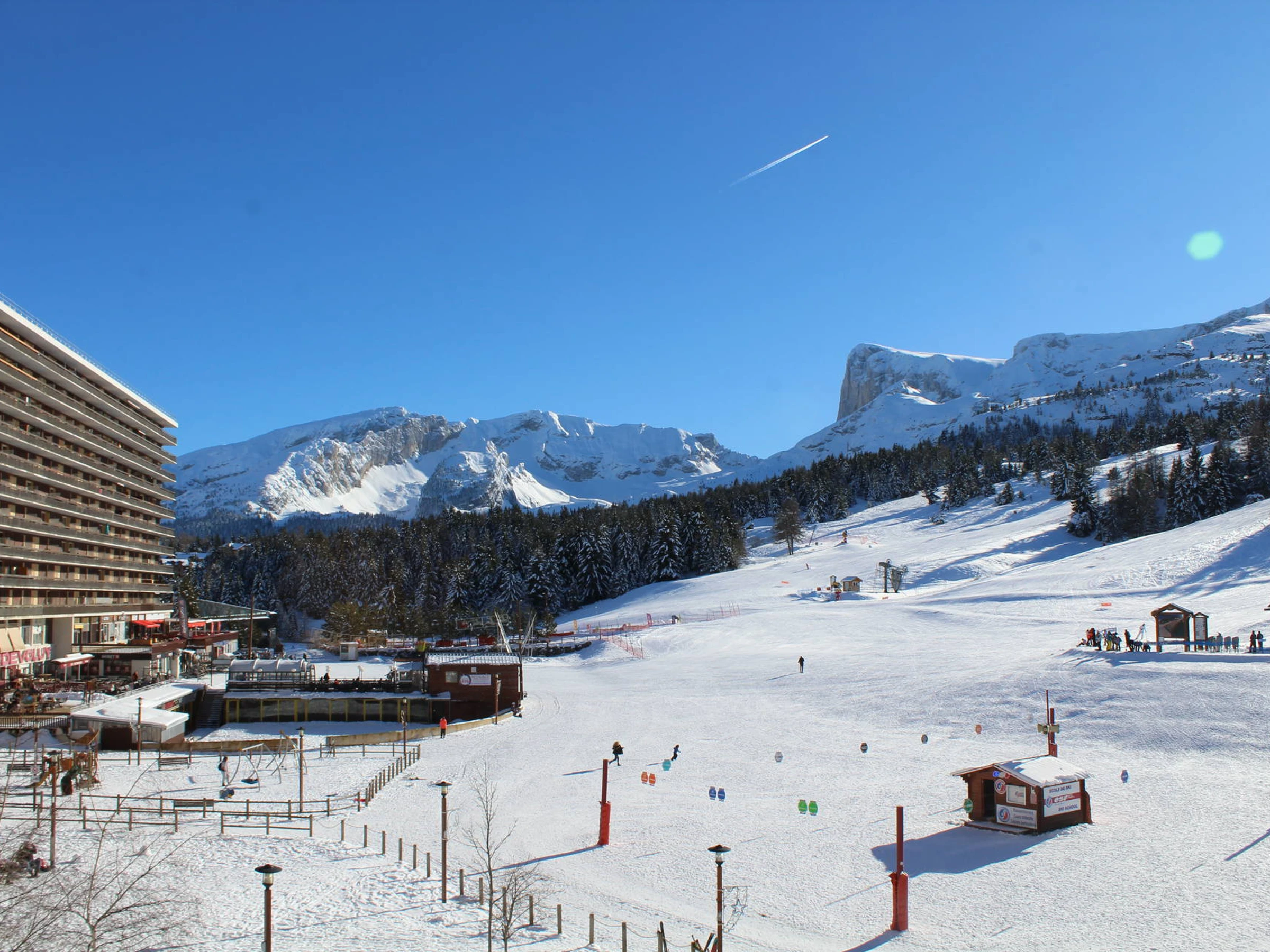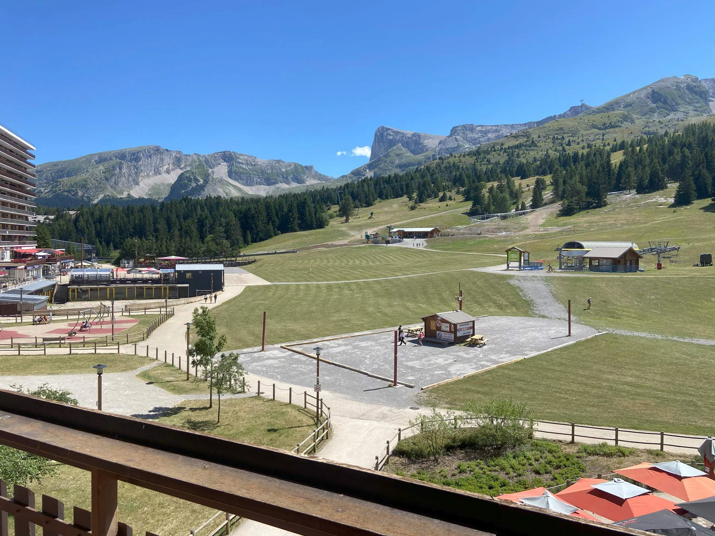 Le Bois d'Aurouze, Bâtiment Principal de Superdévoluy. Grande résidence des années 70 (classé au patrimoine 20e siècle). Principalement des studios 4 persons, exposition sud ou vallée avec balcon, et studios 2 personnes, exposition vallée, sans balcon. Au sud, très belle vue sur le domaine skiable et le Pic de Bure. Côté Vallée, vue sur la Montagne de Faraud.
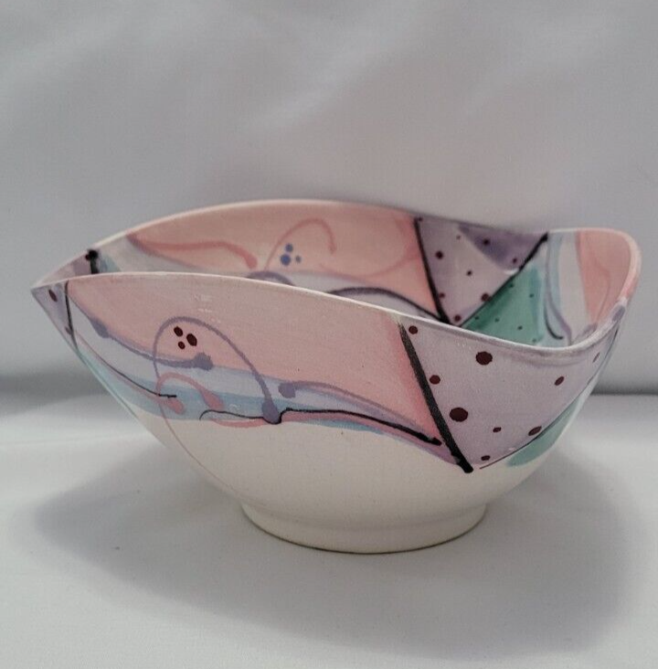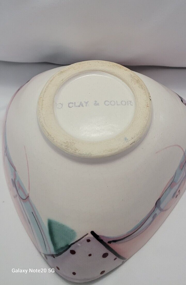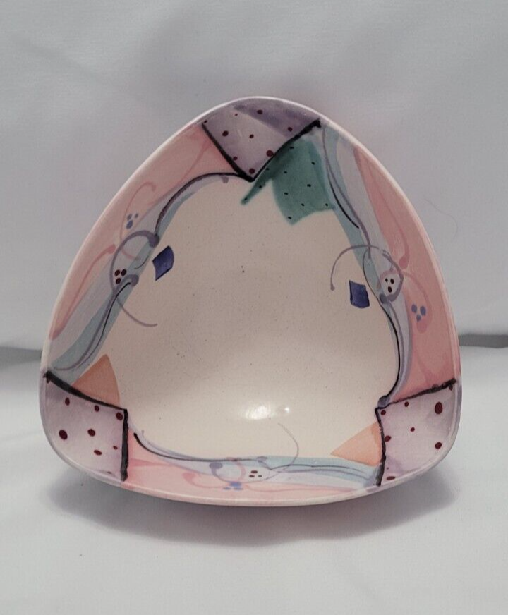 Add a touch of mysticism to your decor with this beautiful triangular shaped bowl from Clay & Color Studio. The bowl is hand painted with intricate patterns and designs, making it a unique addition to any contemporary or eclectic home. Crafted from high quality clay, this bowl is durable and features a glossy finish that adds to its visual appeal. Use it as a decorative piece or for serving snacks and candies at your next gathering. The bowl comes in a vibrant multicolor scheme that will brighten up any room. Each side is 6.25 long and there are 3 sides. The Base is 3 inches across and is round. The high from the table top up is 3 inches
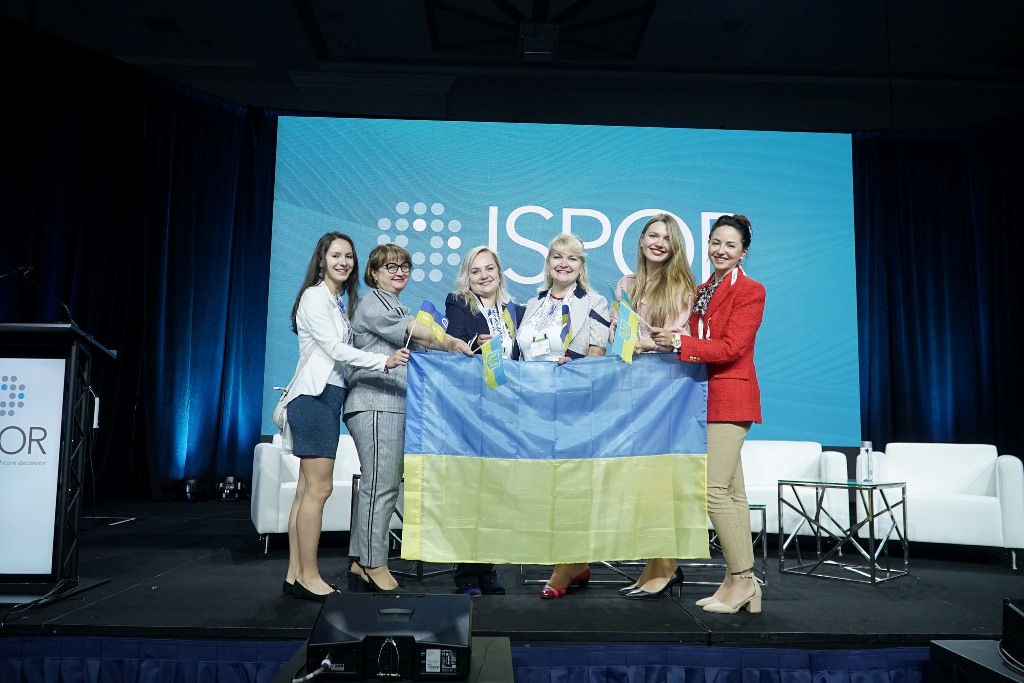 The whole hall applauded and greeted the delegation from Ukraine consisting of Oresta Pinyazhko, Ph.D. in Pharmaceutical Sciences, Director of the Medical Technology Assessment Department of the State Expert Centre of the Ministry of Health of Ukraine, President of the Ukrainian branch of ISPOR; Olha Zaliska, Doctor of Pharmacy, Professor, Head of the Department of Organization and Economics of Pharmacy, Drug Technology and Pharmacoeconomics at Danylo Halytsky Lviv National Medical University (LNMU); Oleksandra Oleshchuk, Doctor of Medicine, Professor, Head of the Department of Pharmacology and Clinical Pharmacology at I. Horbachevsky Ternopil National Medical University; Sofia-Roksolana Hot, Ph.D. in Medicine and Zoriana Zabolotnia, Lecturer at the Department of Organization and Economics of Pharmacy, Drug Technology and Pharmacoeconomics at LNMU.
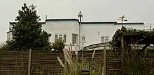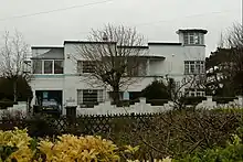 This reinforced concrete Art Deco house has always been painted blue and white;[33] the colour even features on the 1937 plan for an extension.[52] It stands at number two Clifftown Gardens at Westcliff in Herne Bay and was started in 1934 and completed in 1935.[33] Council archives have been lost and the architect is not known. A firm called John Howell & Son was contracted for the extension, greenhouse and air-raid shelter during the 1930s, but it was not John Howell & Son of Hastings; the last partner of that company died in 1903.[53] Although it was funded by the Sultan,[26] Cissie was the executive owner of Mayfair Court and the adjoining two Art Deco houses at 139 and 141 Grand Drive from the beginning.[24] She bought a number of 15-foot-wide plots in Clifftown Gardens and Grand Drive, and built Mayfair Court first. In spite of the cancellation of the engagement in 1938, the Sultan continued to fund Mayfair Court and the associated servants' quarters for her. It has also been suggested that the Sultan (via Cissie) did not build the associated two houses for servants, but built them to claim the land and to prevent unsightly building by neighbours next door.[24][54][55]
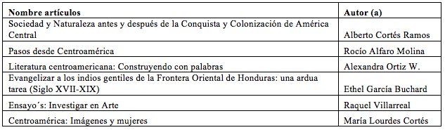 Desde su primer número publicado en julio de 2002, este proyecto editorial intenta mostrar la variedad de factores históricos y culturales que convergen en la región y que, al mismo tiempo que la constituyen, la diferencian y unifican a la vez que forman parte de su gran diversidad cultural. Es por eso que en aquel primer número se incluyen artículos que destacan esa riqueza y variedad, de los procesos históricos de un área específica y de la región en general, y también de su diversa producción literaria y artística, como se puede observar en el Cuadro 1.
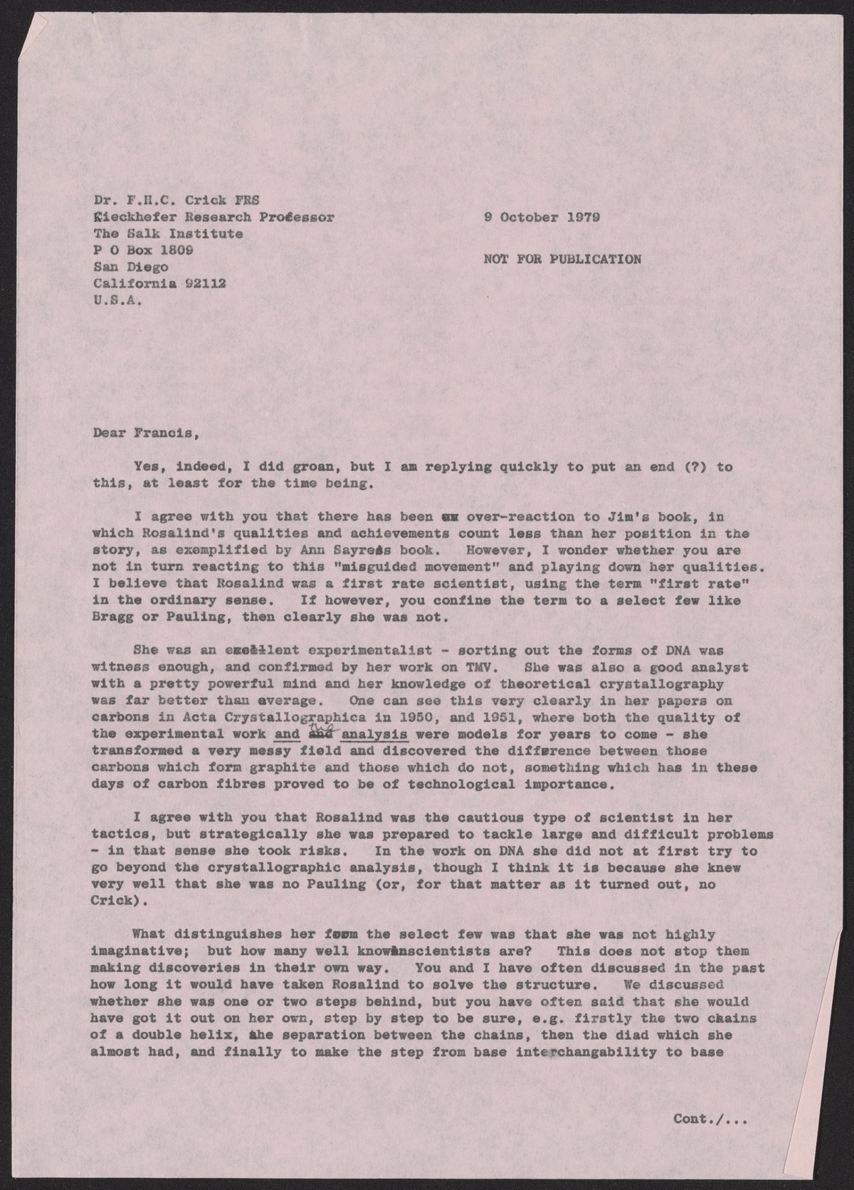 Klug, A. (Aaron), Sir. “Letter from Aaron Klug to Francis Crick, October 9, 1979,” October 9, 1979. History of Molecular Biology Collection, Box 20, Folder 3. Science History Institute. Philadelphia. https://digital.sciencehistory.org/works/50svs5p.

═══

Output all of the data exactly. Skip the pictures.

 Le Bois d'Aurouze, Bâtiment Principal de Superdévoluy. Grande résidence des années 70 (classé au patrimoine 20e siècle). Principalement des studios 4 persons, exposition sud ou vallée avec balcon, et studios 2 personnes, exposition vallée, sans balcon. Au sud, très belle vue sur le domaine skiable et le Pic de Bure. Côté Vallée, vue sur la Montagne de Faraud.
 Add a touch of mysticism to your decor with this beautiful triangular shaped bowl from Clay & Color Studio. The bowl is hand painted with intricate patterns and designs, making it a unique addition to any contemporary or eclectic home. Crafted from high quality clay, this bowl is durable and features a glossy finish that adds to its visual appeal. Use it as a decorative piece or for serving snacks and candies at your next gathering. The bowl comes in a vibrant multicolor scheme that will brighten up any room. Each side is 6.25 long and there are 3 sides. The Base is 3 inches across and is round. The high from the table top up is 3 inches
 The whole hall applauded and greeted the delegation from Ukraine consisting of Oresta Pinyazhko, Ph.D. in Pharmaceutical Sciences, Director of the Medical Technology Assessment Department of the State Expert Centre of the Ministry of Health of Ukraine, President of the Ukrainian branch of ISPOR; Olha Zaliska, Doctor of Pharmacy, Professor, Head of the Department of Organization and Economics of Pharmacy, Drug Technology and Pharmacoeconomics at Danylo Halytsky Lviv National Medical University (LNMU); Oleksandra Oleshchuk, Doctor of Medicine, Professor, Head of the Department of Pharmacology and Clinical Pharmacology at I. Horbachevsky Ternopil National Medical University; Sofia-Roksolana Hot, Ph.D. in Medicine and Zoriana Zabolotnia, Lecturer at the Department of Organization and Economics of Pharmacy, Drug Technology and Pharmacoeconomics at LNMU.
 This reinforced concrete Art Deco house has always been painted blue and white;[33] the colour even features on the 1937 plan for an extension.[52] It stands at number two Clifftown Gardens at Westcliff in Herne Bay and was started in 1934 and completed in 1935.[33] Council archives have been lost and the architect is not known. A firm called John Howell & Son was contracted for the extension, greenhouse and air-raid shelter during the 1930s, but it was not John Howell & Son of Hastings; the last partner of that company died in 1903.[53] Although it was funded by the Sultan,[26] Cissie was the executive owner of Mayfair Court and the adjoining two Art Deco houses at 139 and 141 Grand Drive from the beginning.[24] She bought a number of 15-foot-wide plots in Clifftown Gardens and Grand Drive, and built Mayfair Court first. In spite of the cancellation of the engagement in 1938, the Sultan continued to fund Mayfair Court and the associated servants' quarters for her. It has also been suggested that the Sultan (via Cissie) did not build the associated two houses for servants, but built them to claim the land and to prevent unsightly building by neighbours next door.[24][54][55]
 Desde su primer número publicado en julio de 2002, este proyecto editorial intenta mostrar la variedad de factores históricos y culturales que convergen en la región y que, al mismo tiempo que la constituyen, la diferencian y unifican a la vez que forman parte de su gran diversidad cultural. Es por eso que en aquel primer número se incluyen artículos que destacan esa riqueza y variedad, de los procesos históricos de un área específica y de la región en general, y también de su diversa producción literaria y artística, como se puede observar en el Cuadro 1.
 Klug, A. (Aaron), Sir. “Letter from Aaron Klug to Francis Crick, October 9, 1979,” October 9, 1979. History of Molecular Biology Collection, Box 20, Folder 3. Science History Institute. Philadelphia. https://digital.sciencehistory.org/works/50svs5p.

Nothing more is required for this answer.